*Assigned task*:
A faithful copy of every entry is the goal; keep the images out of it.
++++ Stored data
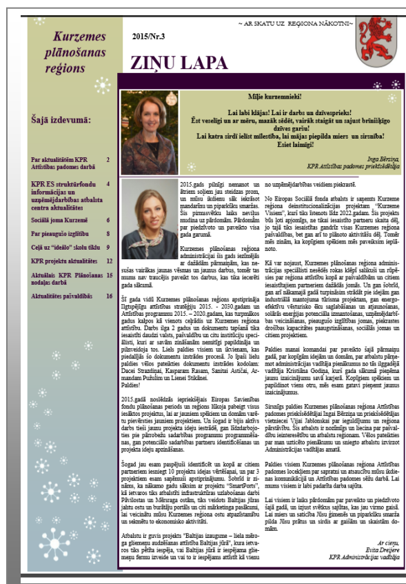
Attēls Nr. 4: http://www.kurzemesregions.lv

Pie izdevuma satura veidošanas piedalās visi Kurzemes plānošanas reģiona speciālisti, kas veido rakstus par konkrētām tēmām vai aktivitātēm, kurās tie piedalījušies vai īstenojuši reģiona ietvaros.
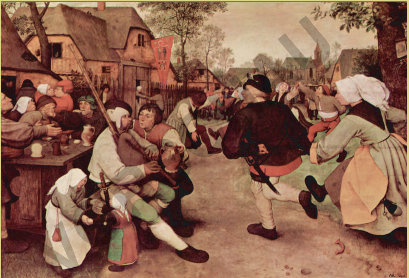
Pieter Bruegel Bauerntanz um 1568

Wikimedia Eckhard Berger www.teambergerf.de
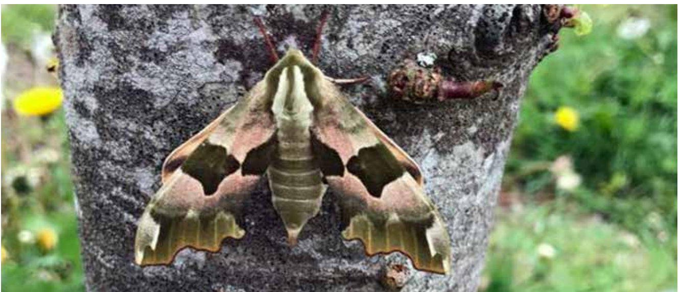
Lindesværmer som larve og voksen. Den voksne Lindesværmer er fotograferet af Uffe Nygaard.
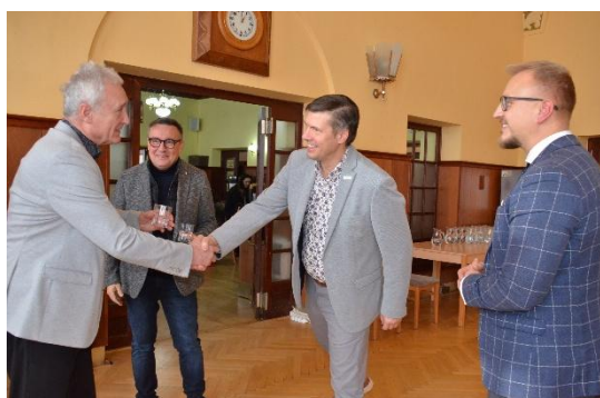
Konference RAPPL obrázek č. 3
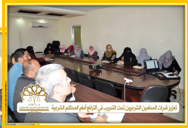
تعزيز قدرات المحامين الشرعيين تحت التدريب في الترافع أمام المحاكم الشرعية
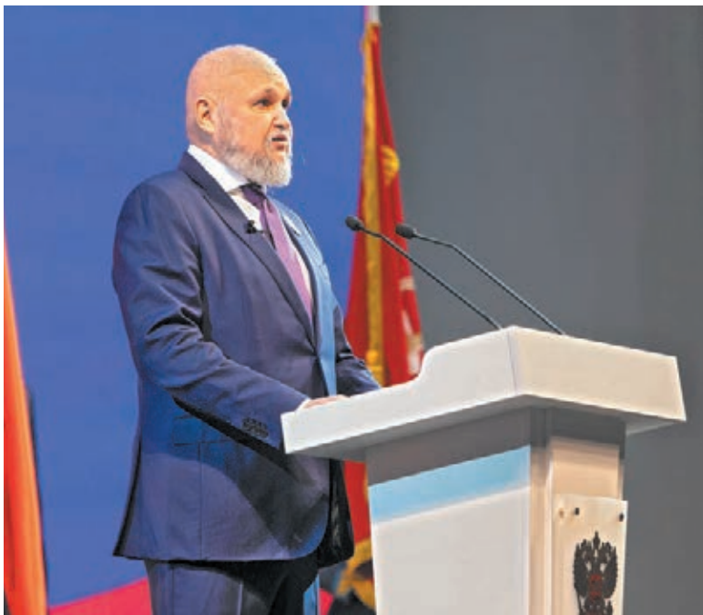
■ В бюджетном послании губернатор Сергей Цивилев обозначил важность вопроса газификации.

Как сообщил заместитель председателя правительства Кузбасса – министр промышленности Кузбасса Леонид Старосвет, в регионе отсутствуют свободные мощности для предоставления газа крупным потенциальным потребителям и инвесторам. Необходимое суммарное увели-
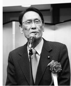
渡海紀三朗衆議院議員 (自民)
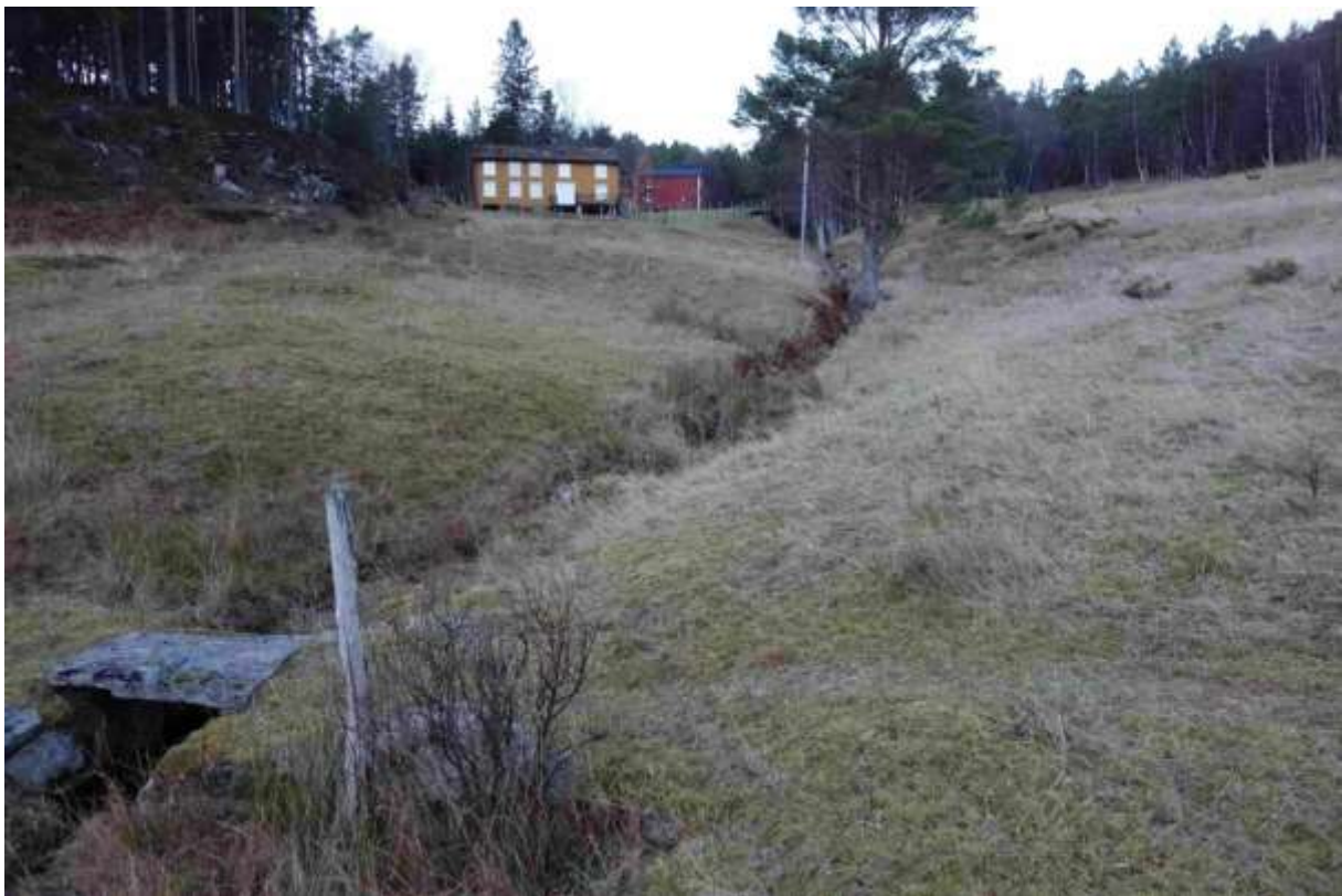
Figur 45. Lokaliteten frå sjøen opp mot husa.
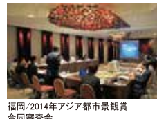
福岡/2014年アジア都市景観賞 合同審査会
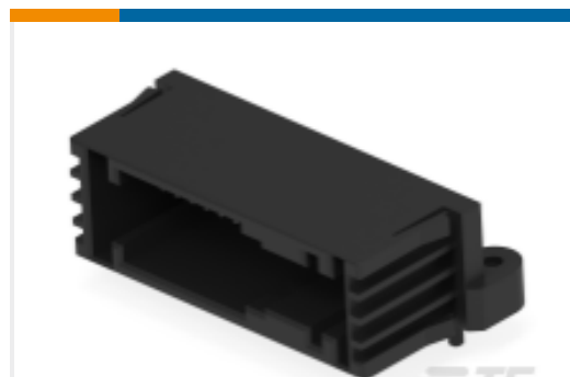
TE 产品编号1-968720-4 32pos MQS .63 header 90deg
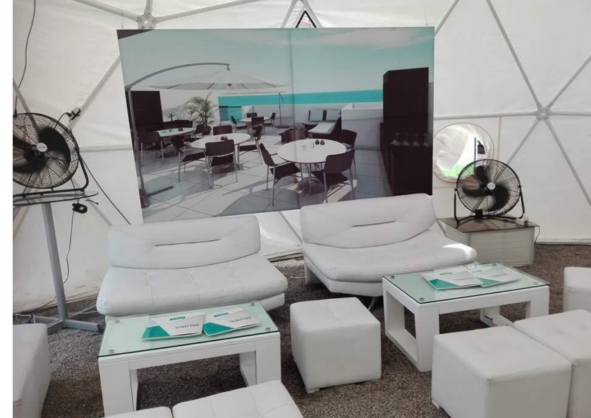
CARAL – Ambientación de Evento
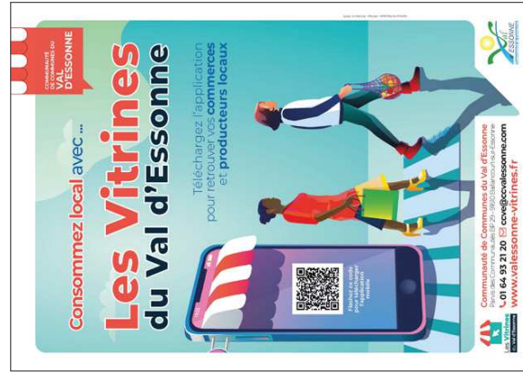
Communauté de communes du Val d'Essonne

Chacune des techniques proposées ne bénéficie pas simplement aux commerces locaux mais à l'ensemble de la collectivité. La mutualisation des outils et services numériques à l'échelle du centre-ville contribue à dynamiser le centre-ville, et à affirmer plus facilement une identité commune.
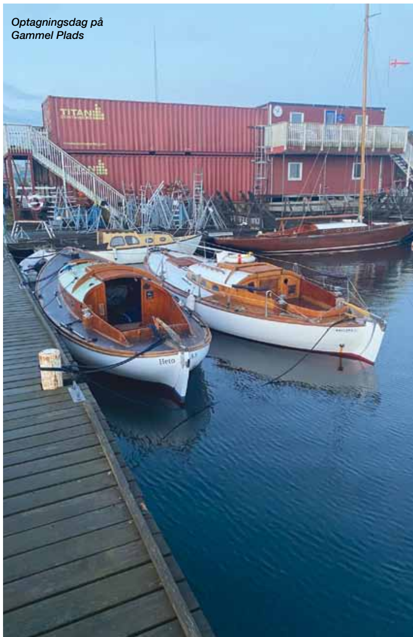
Optagningsdag på Gammel Plads
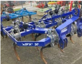
Dalbo Kultiwator Trimax | 34081 Bj. 2023, 10 Zinken, hydr. Steinsicher., gezackte Scheiben, Dachringwalze 10.990,00 €
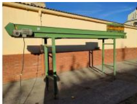
Referencia: PNS-044 CINTA TRANSPORTADORA DE BANDA ... Año: . Marca: .
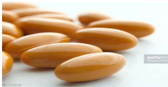
Slika 2. Lijekovi u obliku dražeja [19]
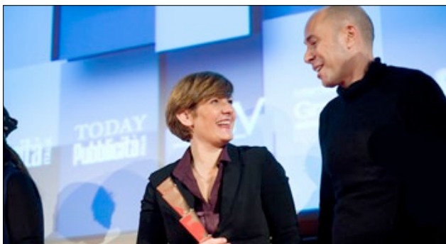
GRANDPRIX E 1° PREMIO CATEGORIA PROMOTIONAL ITEM DESIGN "COMPLEANNO STUDIO UNIVERSAL"

Tra le novità di questa diciannovesima edizione il lancio di #trofeoconcept, iniziativa indetta da RCS Sport e TVN Media Group riservata alle agenzie pubblicitarie e finalizzata all'ideazione del trofeo sostenibile da assegnare ai vincitori del XIV SuisseGas Milano Marathon.
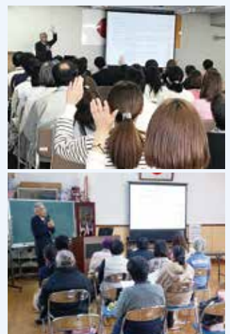
↑職場や地域での講座の様子

まずは、生涯学習課（☎23-3186）までお電話ください。（希望日の2週間前までをお願いします） できるだけ希望の日時に講師を派遣します。日時などが決定した後、派遣依頼書を提出していただきます。
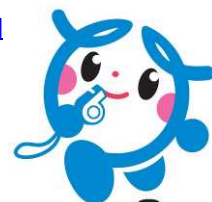
協議会シンボルキャラクター「マモリン」
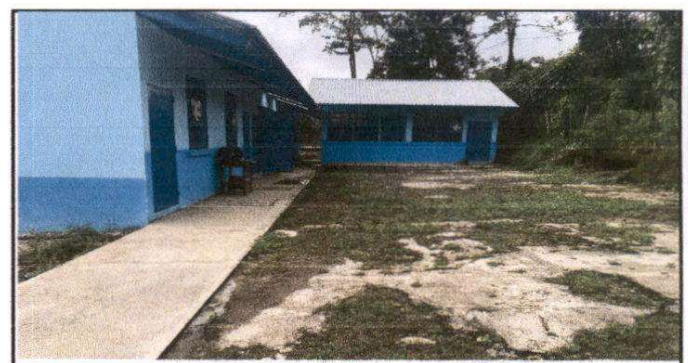
Foto 6: Sustitución de torta de concreto por torta de concreto de 10 centímetros de espesor

Observación: Si es necesario se pueden agregar hojas adicionales y actualizar el número de hojas.
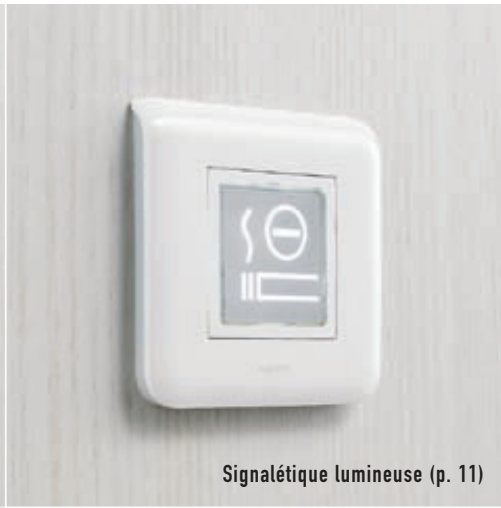
Signalétique lumineuse (p. 11)
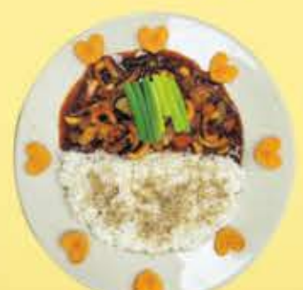
컵밥(오징어, 불고기, 치킨, 김치)

김치, 깍두기, 나박김치 맛은 어디서도 비교할 수 없는 맛을 자부합니다. *
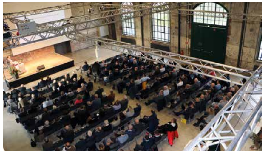
Fortsetzung: Seite 8
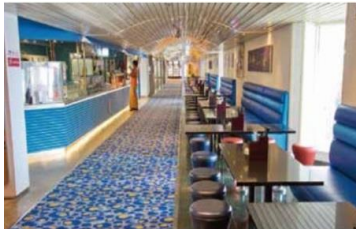
Blue Lagoon Asian snacks, 24-hour
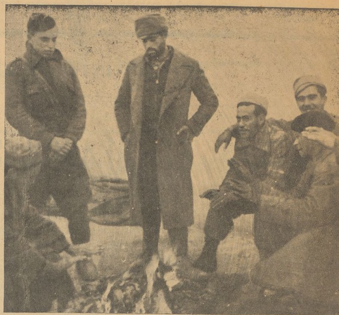
Un grupo de tanquistas del Ejército Republicano descansa junto a la lumbre, en el campo de Teruel

Seguramente la nueva Ejecutiva sabrá responder al movimiento de resurgir republicano que se observa en la referida región, poniéndose a la altura que corresponde a jóvenes de la J. I. R. que unen su capacidad al entusiasmo con que siempre se ha trabajado en esta Organización.
++++++++
*Task response*:
Attēls Nr. 4: http://www.kurzemesregions.lv

Pie izdevuma satura veidošanas piedalās visi Kurzemes plānošanas reģiona speciālisti, kas veido rakstus par konkrētām tēmām vai aktivitātēm, kurās tie piedalījušies vai īstenojuši reģiona ietvaros.
Pieter Bruegel Bauerntanz um 1568

Wikimedia Eckhard Berger www.teambergerf.de
Lindesværmer som larve og voksen. Den voksne Lindesværmer er fotograferet af Uffe Nygaard.
Konference RAPPL obrázek č. 3
تعزيز قدرات المحامين الشرعيين تحت التدريب في الترافع أمام المحاكم الشرعية
■ В бюджетном послании губернатор Сергей Цивилев обозначил важность вопроса газификации.

Как сообщил заместитель председателя правительства Кузбасса – министр промышленности Кузбасса Леонид Старосвет, в регионе отсутствуют свободные мощности для предоставления газа крупным потенциальным потребителям и инвесторам. Необходимое суммарное увели-
渡海紀三朗衆議院議員 (自民)
Figur 45. Lokaliteten frå sjøen opp mot husa.
福岡/2014年アジア都市景観賞 合同審査会
TE 产品编号1-968720-4 32pos MQS .63 header 90deg
CARAL – Ambientación de Evento
Communauté de communes du Val d'Essonne

Chacune des techniques proposées ne bénéficie pas simplement aux commerces locaux mais à l'ensemble de la collectivité. La mutualisation des outils et services numériques à l'échelle du centre-ville contribue à dynamiser le centre-ville, et à affirmer plus facilement une identité commune.
Optagningsdag på Gammel Plads
Dalbo Kultiwator Trimax | 34081 Bj. 2023, 10 Zinken, hydr. Steinsicher., gezackte Scheiben, Dachringwalze 10.990,00 €
Referencia: PNS-044 CINTA TRANSPORTADORA DE BANDA ... Año: . Marca: .
Slika 2. Lijekovi u obliku dražeja [19]
GRANDPRIX E 1° PREMIO CATEGORIA PROMOTIONAL ITEM DESIGN "COMPLEANNO STUDIO UNIVERSAL"

Tra le novità di questa diciannovesima edizione il lancio di #trofeoconcept, iniziativa indetta da RCS Sport e TVN Media Group riservata alle agenzie pubblicitarie e finalizzata all'ideazione del trofeo sostenibile da assegnare ai vincitori del XIV SuisseGas Milano Marathon.
↑職場や地域での講座の様子

まずは、生涯学習課（☎23-3186）までお電話ください。（希望日の2週間前までをお願いします） できるだけ希望の日時に講師を派遣します。日時などが決定した後、派遣依頼書を提出していただきます。
協議会シンボルキャラクター「マモリン」
Foto 6: Sustitución de torta de concreto por torta de concreto de 10 centímetros de espesor

Observación: Si es necesario se pueden agregar hojas adicionales y actualizar el número de hojas.
Signalétique lumineuse (p. 11)
컵밥(오징어, 불고기, 치킨, 김치)

김치, 깍두기, 나박김치 맛은 어디서도 비교할 수 없는 맛을 자부합니다. *
Fortsetzung: Seite 8
Blue Lagoon Asian snacks, 24-hour
Un grupo de tanquistas del Ejército Republicano descansa junto a la lumbre, en el campo de Teruel

Seguramente la nueva Ejecutiva sabrá responder al movimiento de resurgir republicano que se observa en la referida región, poniéndose a la altura que corresponde a jóvenes de la J. I. R. que unen su capacidad al entusiasmo con que siempre se ha trabajado en esta Organización.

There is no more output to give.